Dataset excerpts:
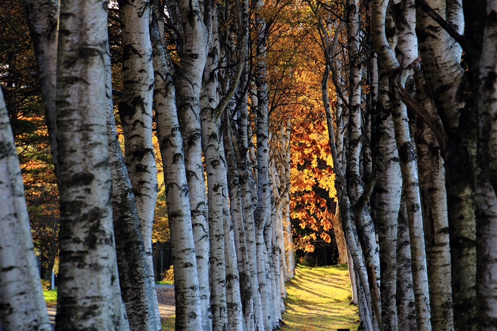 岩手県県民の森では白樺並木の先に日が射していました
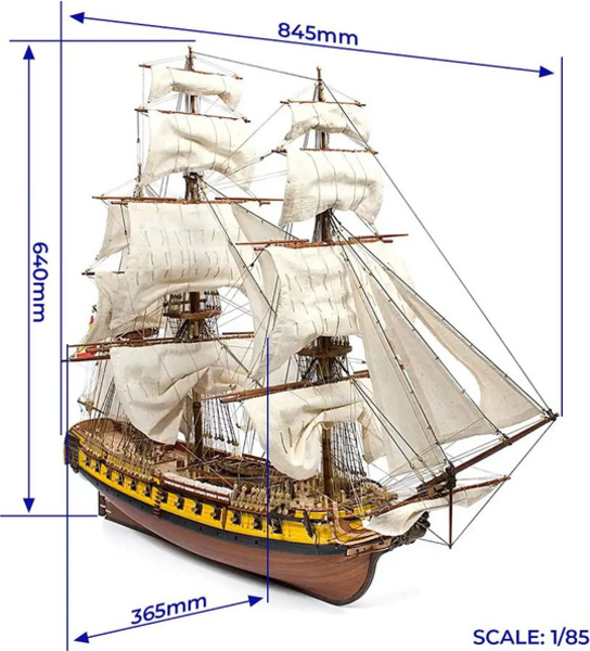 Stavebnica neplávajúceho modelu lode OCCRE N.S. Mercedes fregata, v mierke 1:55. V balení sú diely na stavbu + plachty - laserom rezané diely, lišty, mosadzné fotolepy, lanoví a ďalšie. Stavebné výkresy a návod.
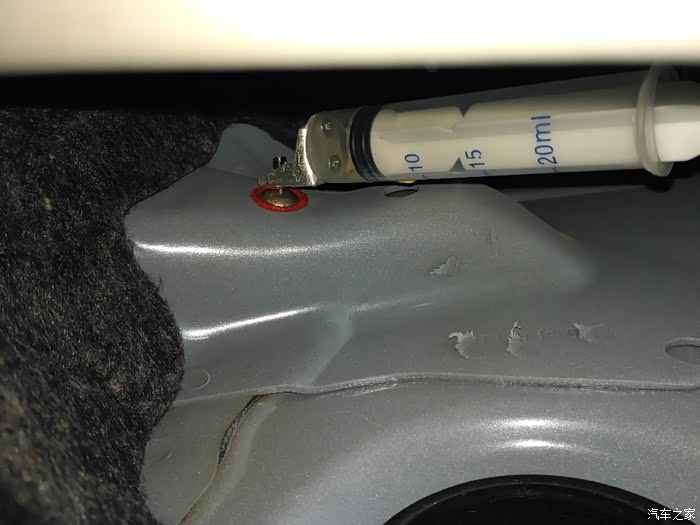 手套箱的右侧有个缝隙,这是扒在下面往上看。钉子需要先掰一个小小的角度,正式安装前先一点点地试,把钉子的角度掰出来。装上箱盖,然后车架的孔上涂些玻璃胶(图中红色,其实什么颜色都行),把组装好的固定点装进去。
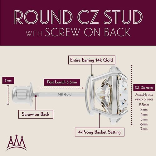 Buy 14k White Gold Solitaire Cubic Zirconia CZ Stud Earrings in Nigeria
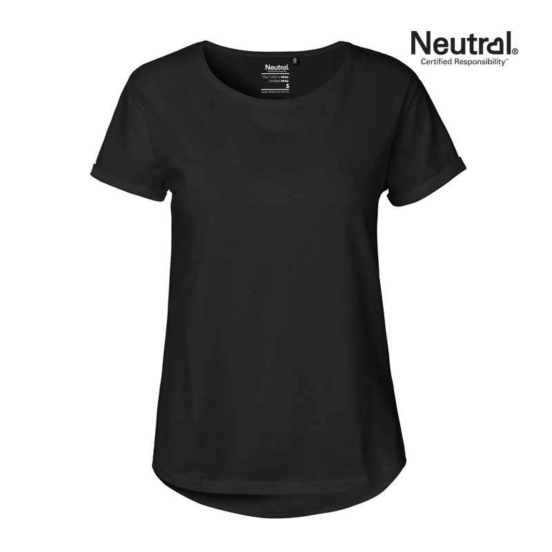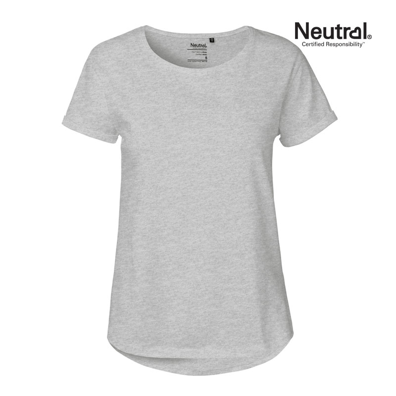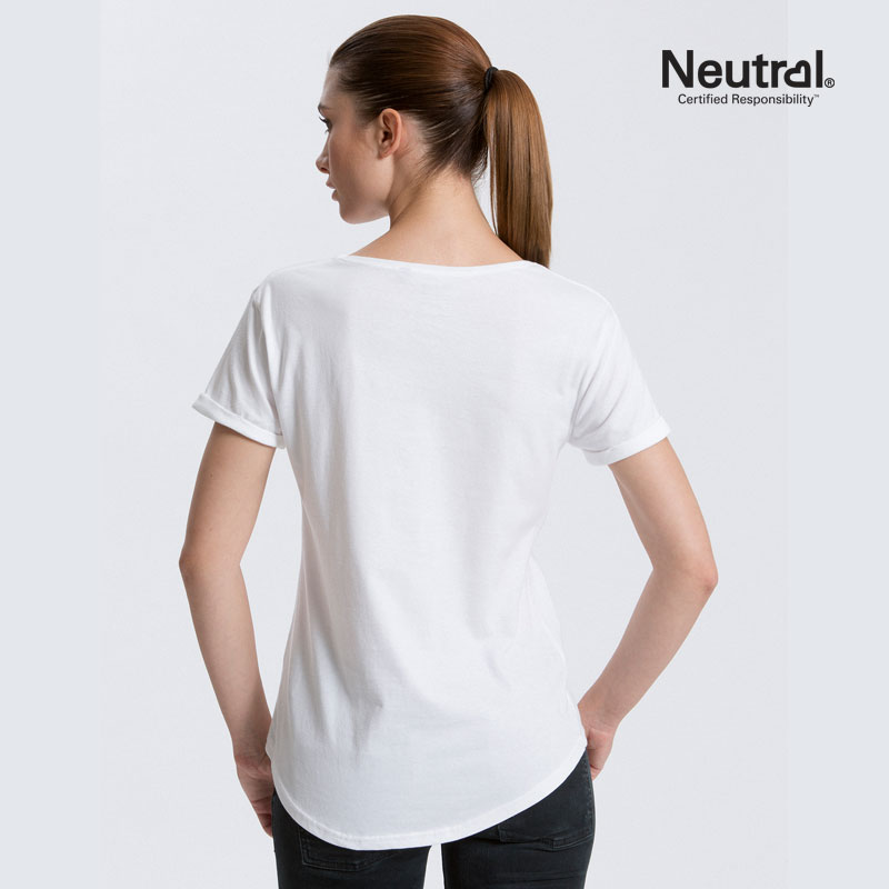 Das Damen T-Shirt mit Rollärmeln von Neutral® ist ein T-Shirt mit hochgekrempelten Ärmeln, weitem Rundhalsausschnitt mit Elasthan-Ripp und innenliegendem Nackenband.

◆ **Task description**:
Please reproduce, word for word, every line from the first line of the records above through the line containing "Buy 14k White", and leave out the pictures.

◆ **Expected answer**:
 岩手県県民の森では白樺並木の先に日が射していました
 Stavebnica neplávajúceho modelu lode OCCRE N.S. Mercedes fregata, v mierke 1:55. V balení sú diely na stavbu + plachty - laserom rezané diely, lišty, mosadzné fotolepy, lanoví a ďalšie. Stavebné výkresy a návod.
 手套箱的右侧有个缝隙,这是扒在下面往上看。钉子需要先掰一个小小的角度,正式安装前先一点点地试,把钉子的角度掰出来。装上箱盖,然后车架的孔上涂些玻璃胶(图中红色,其实什么颜色都行),把组装好的固定点装进去。
 Buy 14k White Gold Solitaire Cubic Zirconia CZ Stud Earrings in Nigeria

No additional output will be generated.